Applications that provide some type of graphical user interface often display a master-detail view of the data. These master detail views can also be nested where the hierarchies are several steps deep. As an example imagine an application that displays a catalog hierarchy of categories, sub-categories and products. This example would need three levels nested below a root.
Relational databases are made up of relations (tables) containing attributes (columns) and tuples (rows). These tables are flat in structure and do not provide a simple way of extracting the master detail views described above.
There are different patterns to extract the information above, but care must be taken to ensure they are implemented in an efficient manner. One such approach is eager loading. Using the example above, the application would retrieve all categories, all sub-categories and all products in a single request-response. An implementation of this pattern that might be found in a typical enterprise software development project might use the following logic (often referred to as SELECT N+1) to extract that information:
Get all Categories from the database For each Category Get all Sub-categories from the database For each Sub-category Get all products from the database Loop Loop
This implementation will absolutely work and will more than likely provide fast response times during a unit test on a local developer's machine. When the application goes live in a production environment, however, the users might complain that the page using this logic is taking a long time to load. To illustrate what might be going on here let's put some numbers to the data and say that each node in the hierarchy has 10 items. If we walk through the logic now we can see that we are executing 101 (10 x 10 + 1) separate calls to the database. When more items or more levels are added the problem is compounded. The key point here is that each call must go across a network which adds to the response time. The logic above assumes two of the fallacies of distributed computing, latency is 0 and bandwidth is infinite.

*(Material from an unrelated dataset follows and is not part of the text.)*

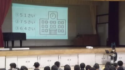 学校は今何歳?子どもの数は?校長先生の名前は?学校ができた時の名前は?など、クイズのスライドを作ってくれていました。児童会の皆さん、ありがとう!

Caching aside, a better implementation of this pattern would be to minimize the number of times the application must interact with the database, minimize the amount of data going across the network and attempt to keep some reuse within code. More than likely there is already a method that retrieves sub-categories by a category key and retrieves products by a sub-category key. An easy refactoring effort would be to modify these methods to take a list of keys and to take advantage of the "IN" keyword in SQL. Using the previous hierarchy, the application would now only need one call for each level resulting in a total of 3 queries, regardless of the number of items. Additional levels in the logic would only result in adding to the roundtrips instead of multiplying them.
This simple change can provide orders of magnitude of relief to the application's use of the network and will result in happier users.